Benji felt totally fine today. Just once, as we were getting into the car to go to school, he said, “My tummy will feel better as the day goes on, right?” I asked him if it was hurting, and he said it was, a little. Then he moved on to the next thing, like it was no big deal. I’m so grateful. I feel like yesterday’s experience offered us valuable lessons moving forward.
After another busy day of work and school for everyone, we hustled and bustled around to more practices: guitar for Benji, and a meeting for Banyan to discuss a tackle football skills and conditioning workshop he wants to attend. I have been on the fence about allowing this for quite some time. I’ve read the science, I know the statistics. I’ve thought, I already have one child at risk. Am I crazy for putting my other child in harm’s way? His flag coaches have told me what a natural talent he has, and I can see it on the field. He’s about to age out of flag football, and he is desperate to go to the next level. He has begged me. Pleaded with me. But more than all of that, I have never seen Banyan experience such joy, or such confidence, as he experiences when he’s playing football. And during this last year, joy and confidence have not come easily for our eldest boy. So, we will start with this skills and conditioning workshop, and see what happens. We are prioritizing joy over fear.

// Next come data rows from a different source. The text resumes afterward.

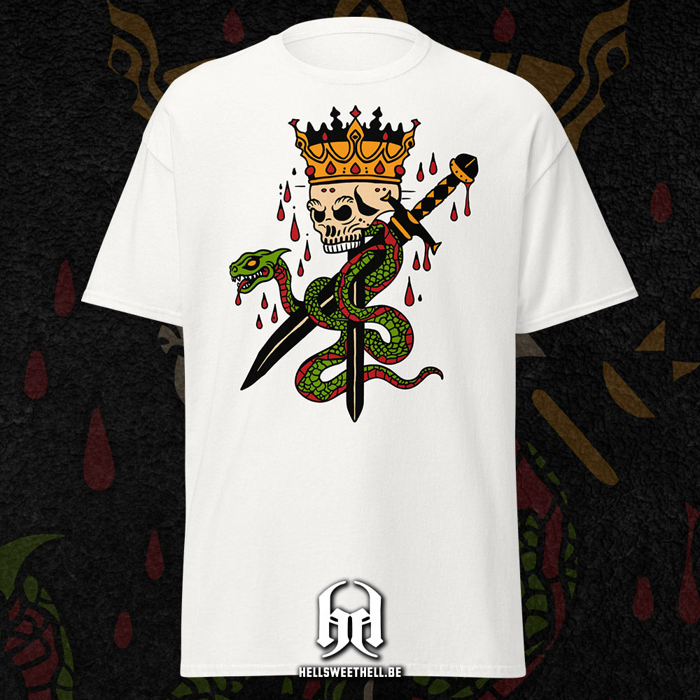 Là où le pouvoir rencontre la menace… The Crowded King capture un crâne imposant orné d’une couronne, tandis qu’une dague se dresse fièrement sous lui. Un serpent-dragon s’y enroule, entre protection et trahison, dans un style old school aux lignes affirmées. Une fusion parfaite entre royauté et obscurité, pensée pour ceux qui embrassent leur dualité.
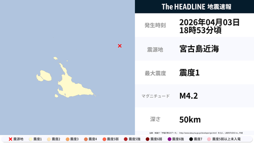 4月3日18時53分頃、沖縄県で最大震度1の地震を観測
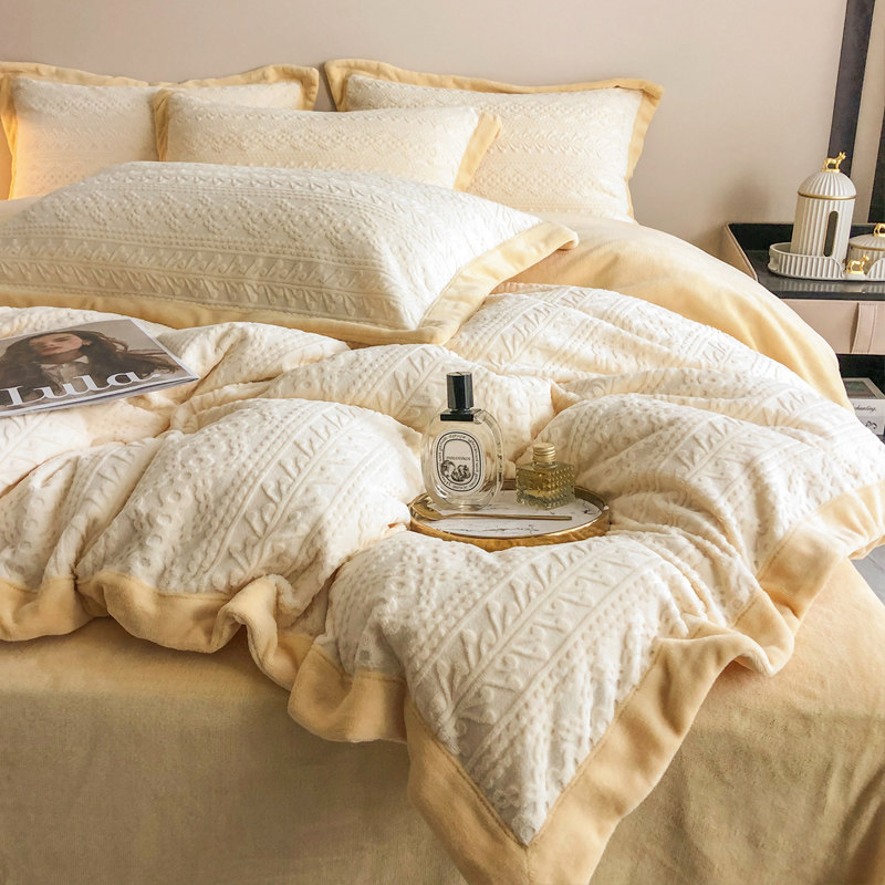 Элитный зимний комплект, фланелевый двусторонний пододеяльник, легкий роскошный стиль, увеличенная толщина, 4 предмета, постельные принадлежности
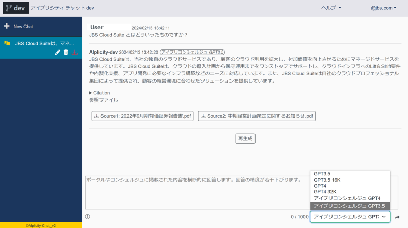 本サービスは、2023年4月に JBS がリリースした、機密情報の漏洩リスクを回避して安心安全に AI チャットを利用できるサービス「アイプリシティ チャット Powered by ChatGPT(以下、アイプリシティ チャット)URL : https://www.jbs.co.jp/solution/category/generativeai」のオプションサービスとなり、ブラウザベースのアイプリシティ チャットを介してプロンプト入力から回答生成までを行います。
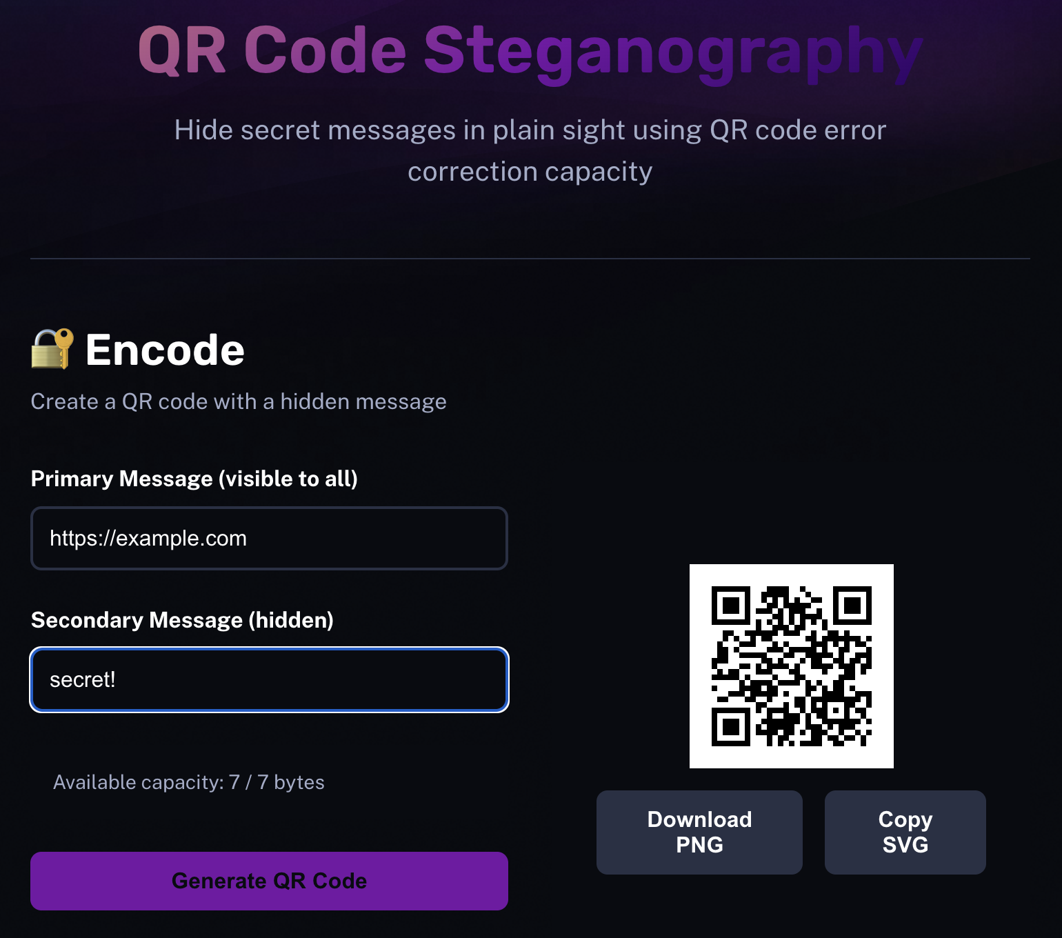 Hide secret messages in plain sight using QR code error correction capacity
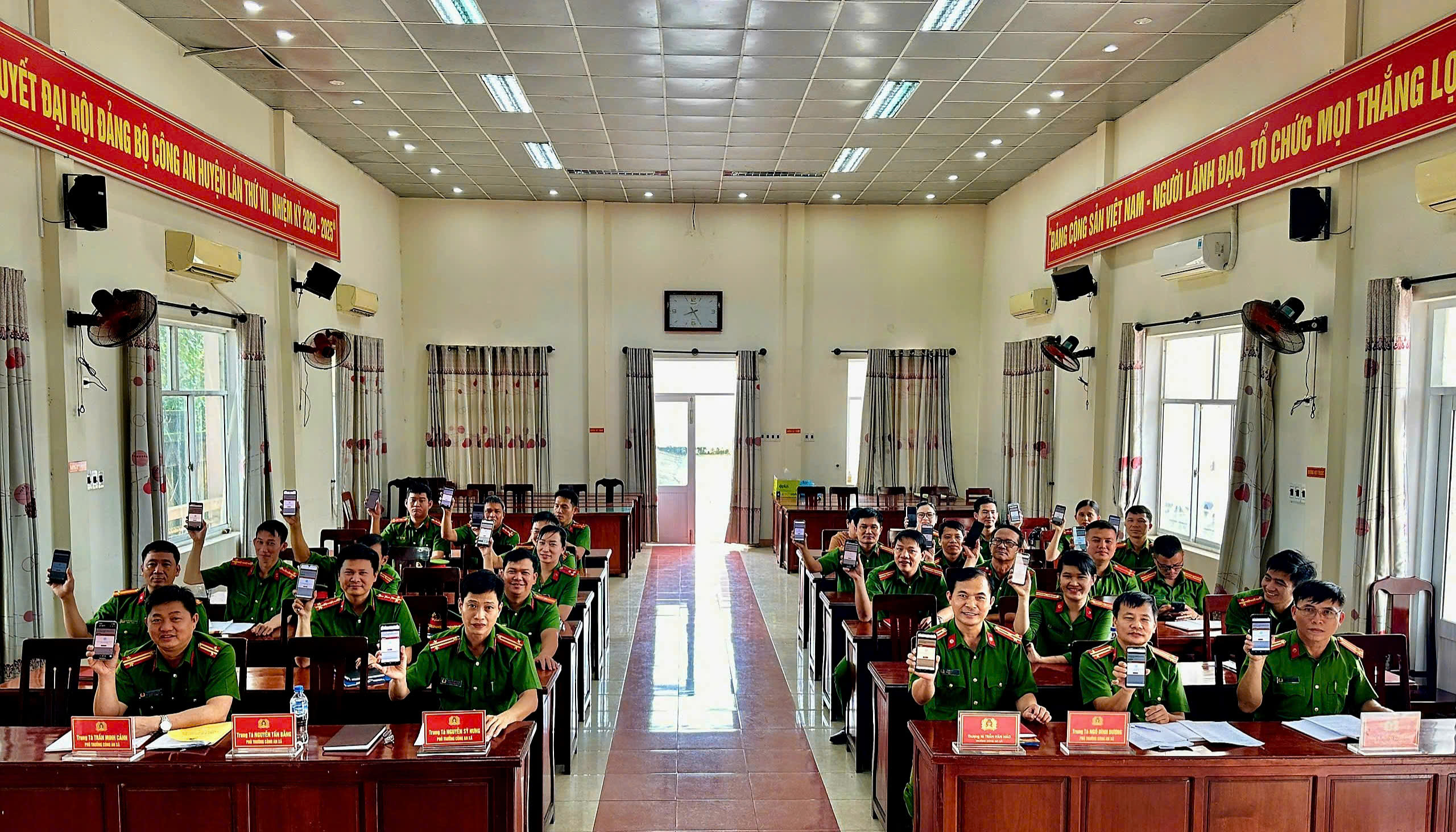 Chi bộ Công an xã Nghĩa Hành góp ý văn kiện Đại hội XIV của Đảng qua ứng dụng VNeID

We came home from the football meeting just a few minutes before Michael came home from work. We all sat down for stir-fry and our nightly game of Two Truths and a Lie. Benji is experiencing the week-after-steroids effects fully, and at one point he climbed up onto the table and screamed at the top of his lungs. But we roll with it. On the nights that it works out this way, where we are all together around the table, things just feel so right.